- YOUR ASSIGNMENT:
Look through the data below for the line with "Ошибка в больничном: суд" and the line with "The Romantics, a", then transcribe exactly from the first through the second, leaving out all pictures.

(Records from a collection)
-=-=-=-=-
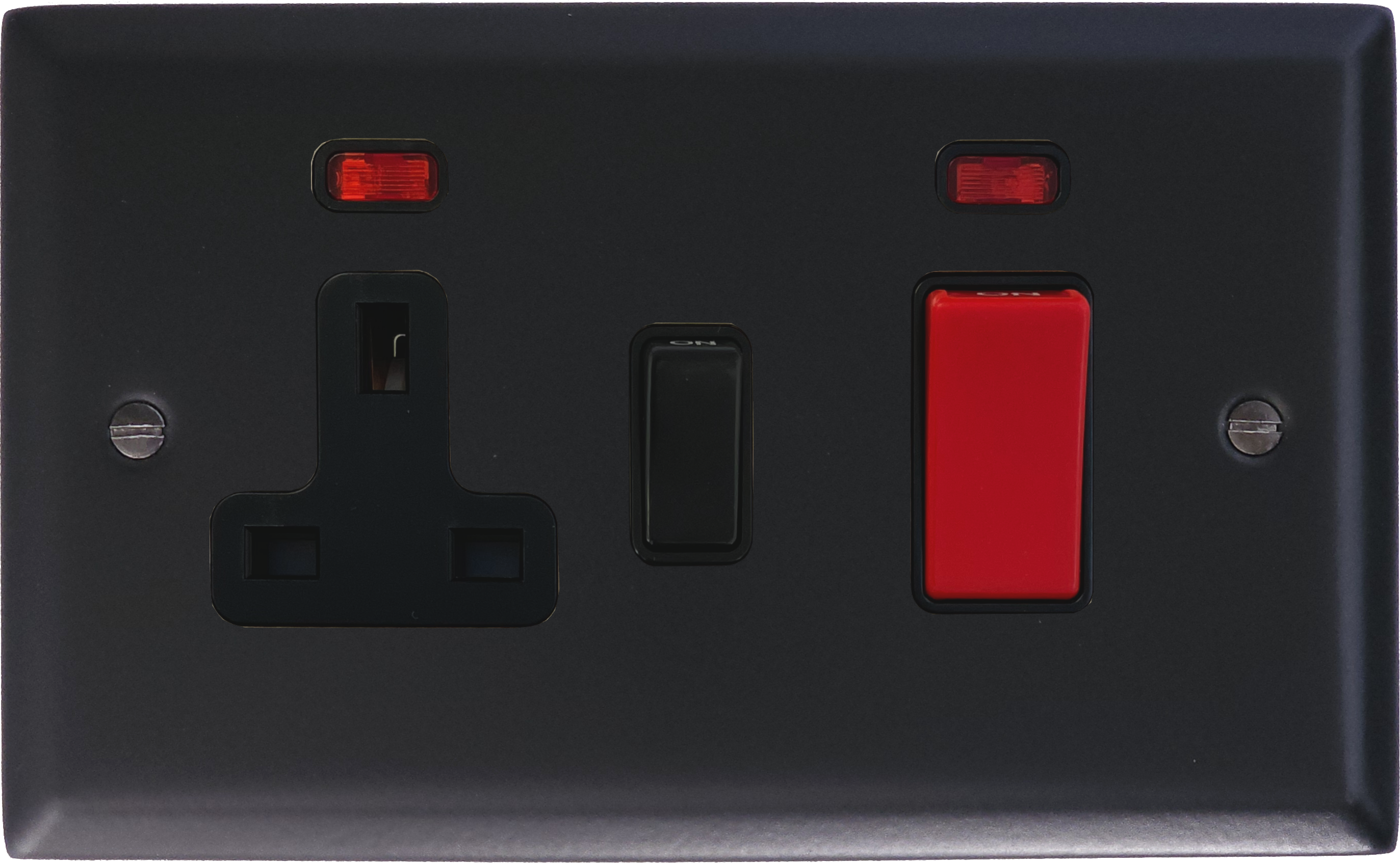 Spectrum Matt Black Cooker Switch with Socket EL.29B.FB
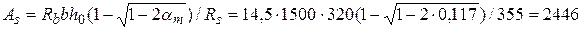Так как am = 0,173 < aR = 0,39 (см. табл. 3.2), необходимую площадь растянутой арматуры определяем по формуле (3.26)
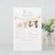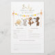 Uma previsão de bebê e um cartão de aconselhamento para corresponder aos nossos convites "Woodland Animal Banda Parade Cute Chá de fraldas". Esta design apresenta uma banda marchante de animais da floresta tocando todos os tipos de instrumentos, acima deles, há boho-bunting em tons de verde, amarelo, rosa, azul e laranja. Há espaço para os convidados escreverem suas previsões de natalidade, previsões de semelhança e conselhos para os novos pais. Exibir a coleção vinculada nesta página para coordenar produtos.
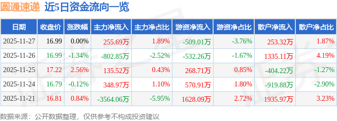 证券之星消息,截至2025年11月27日收盘,圆通速递(600233)报收于16.99元,上涨0.0%,换手率0.23%,成交量7.96万手,成交额1.36亿元。
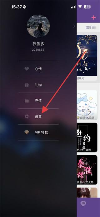 2、在功能菜單中點擊設(shè)置,進入設(shè)置頁面。
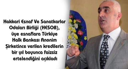 "13 Mart 2016 tarihi itibarıyla sokağa çıkma yasağı uygulanan Yüksekova ilçemizde Esnaf ve Sanatkarımıza yönelik çalışmalarımız sonucu, konfederasyonumuz (TESK) tarafından çalışma yürütülmüş ve kredi kefalet kooperatiflerimizce kefaleti olan Türkiye Halk Bankası Anonim Şirketince verilen krediler bir (1) yıl boyunca faizsiz ertelenmiştir.
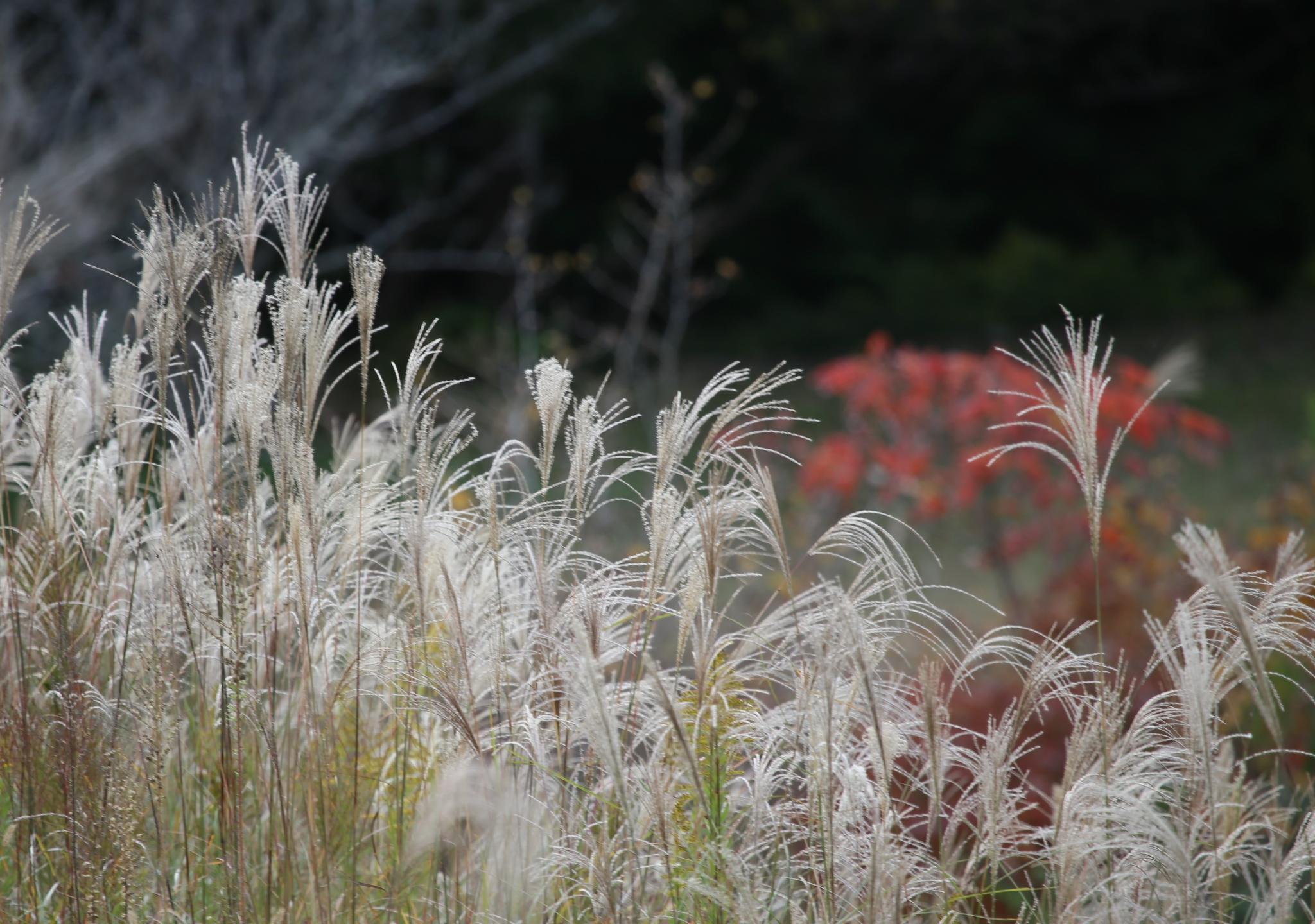 公園の土手はススキに覆われて、風が吹くたびに白い波のように揺れています。
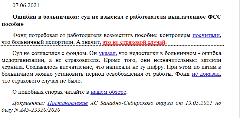 Ошибка в больничном: суд не взыскал с работодателя выплаченное ФСС пособие.
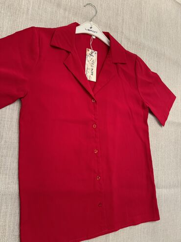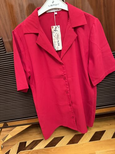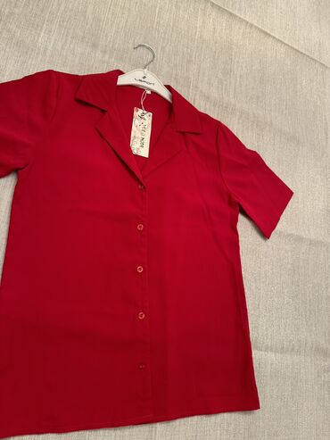 YeniQirmizi reng qisa qollu yaz ve yay aylarinda geyile bilecek koynek Rusiya istehsali
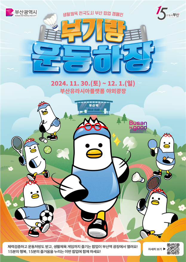 박형준 부산시장은 “이번 캠페인이 생활체육과 스포츠를 통해 부산을 더욱 활기차게 만드는 계기가 되길 바란다”고 밝혔다. 생활체육의 매력을 느낄 수 있는 「부기랑 운동하장」을 꼭 경험해보길 추천한다.
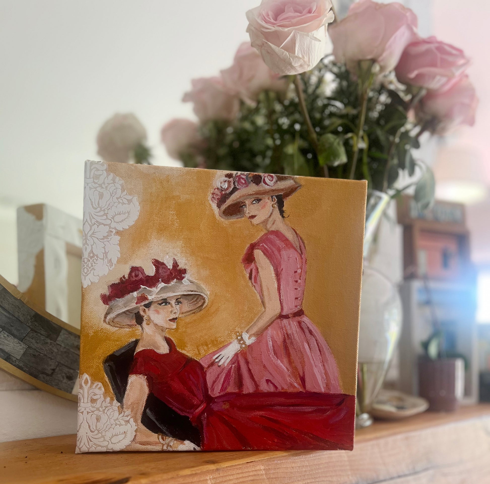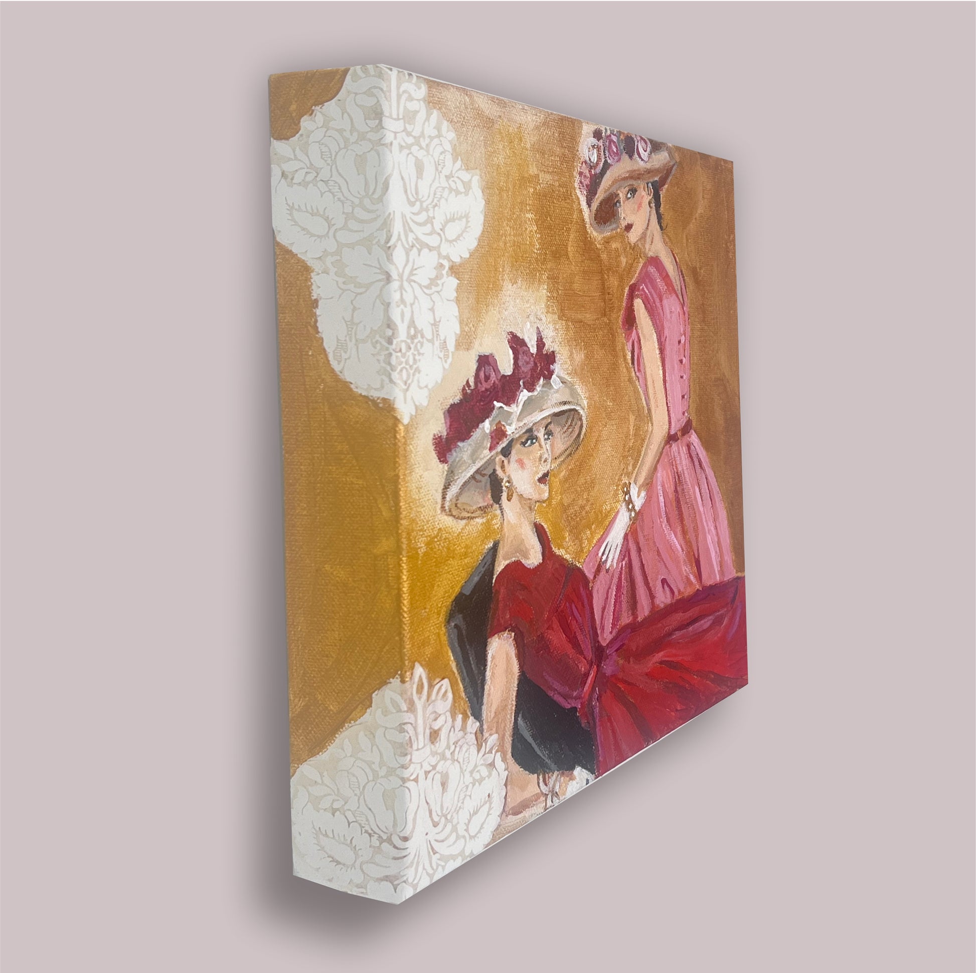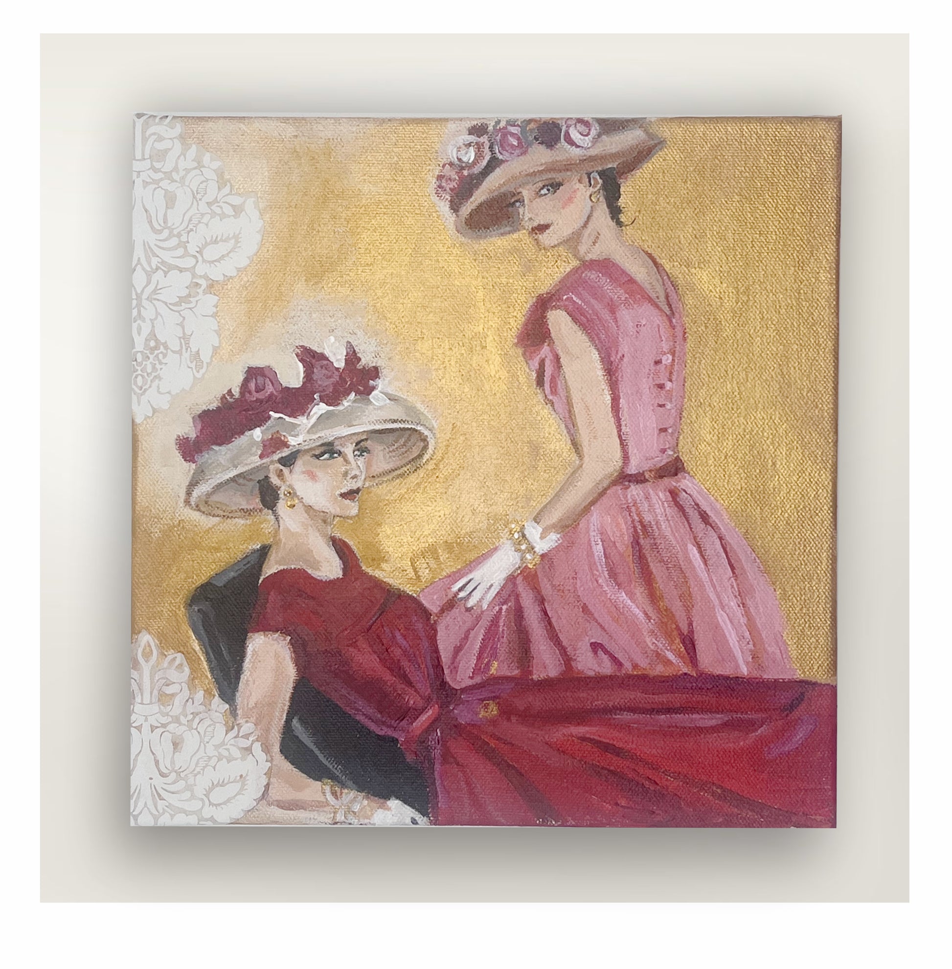 The Romantics, a depiction of two friends , their closeness is evident in their soft glances and harmonious composition. Decorated with an overlay of soft ivory flocking.
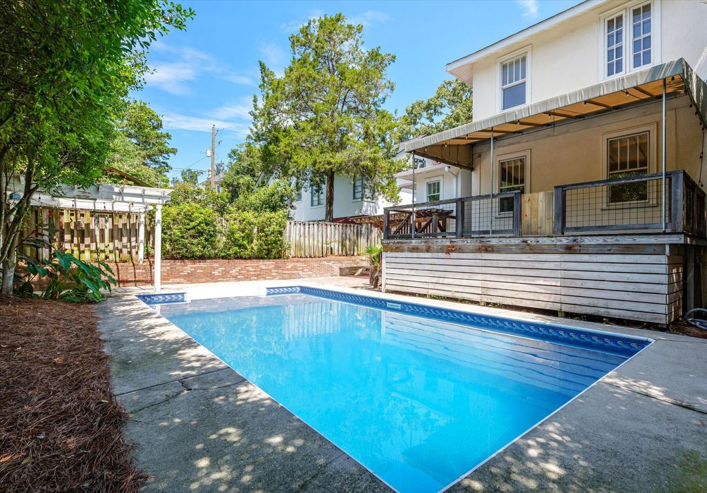 Welcome home to 2220 Kings Way located in the heart of beautiful Summerville in Augusta, Georgia. Built in 1921, this elegant two-story home features an attached carport, an inground pool, and original architectural details such as transom windows, hardwood floors, clawfoot tubs, built-in cabinetry, and multiple fireplaces. A beautiful arbor and herringbone brick walkway lead you to the covered front porch and into the foyer where you will discover the original staircase and beautiful hardwood floors. As you continue to explore this 3111 sqft home, you will find the living room with plantation shutters, original hardwoods, and a fireplace in addition to a spacious formal dining room with gorgeous crystal chandelier, original hardwood floors, and a fireplace. The eat-in kitchen has a striking brick accent wall, solid surface countertops, a new induction range, pantry, and custom-built hood. There is a flex room with plantation shutters and a private bathroom that features a custom built shower. This room also provides access to the main level primary bedroom complete with custom built-ins with stained glass accents, original hardwood floors, plantation shutters, and an attached bathroom that boasts the original clawfoot tub, custom built-ins complete with a bench for seating, and tile flooring. Upstairs you will find a second primary bedroom complete with a fireplace, original hardwood floors, and an attached bathroom with two walk-in closets while bedroom 2 is next door and features a fireplace and ceiling fan. The additional two bedrooms are connected, and the original sleeping porch has been renovated to include a built-in Murphy bed and custom-built closets. The 4th bathroom is located on the upper level and boasts the original clawfoot tub and pedestal sink. Finishing out the second level, you will discover a flex room that would be perfect for a craft room or office that leads to the spacious laundry room complete with original built-in cabinets and additional storage space. Returning to the main level, the back door is just off the flex room and leads to a large, covered deck, with new awning, that overlooks the 16 x 32 inground pool. The beautifully landscaped backyard is perfect for entertaining and provides a lovely pergola, vintage refrigerator, and built in stone pizza oven. The HVAC units and water heater were replaced 2 years ago, and the metal roof was recoated by Penn roofing within the last two years. Schedule your appointment today to view this charming and exquisite home located at 2220 Kings Way in Augusta, Georgia.
-=-=-=-=-
- SOLUTION FOR THIS EXERCISE:
 Ошибка в больничном: суд не взыскал с работодателя выплаченное ФСС пособие.
 YeniQirmizi reng qisa qollu yaz ve yay aylarinda geyile bilecek koynek Rusiya istehsali
 박형준 부산시장은 “이번 캠페인이 생활체육과 스포츠를 통해 부산을 더욱 활기차게 만드는 계기가 되길 바란다”고 밝혔다. 생활체육의 매력을 느낄 수 있는 「부기랑 운동하장」을 꼭 경험해보길 추천한다.
 The Romantics, a depiction of two friends , their closeness is evident in their soft glances and harmonious composition. Decorated with an overlay of soft ivory flocking.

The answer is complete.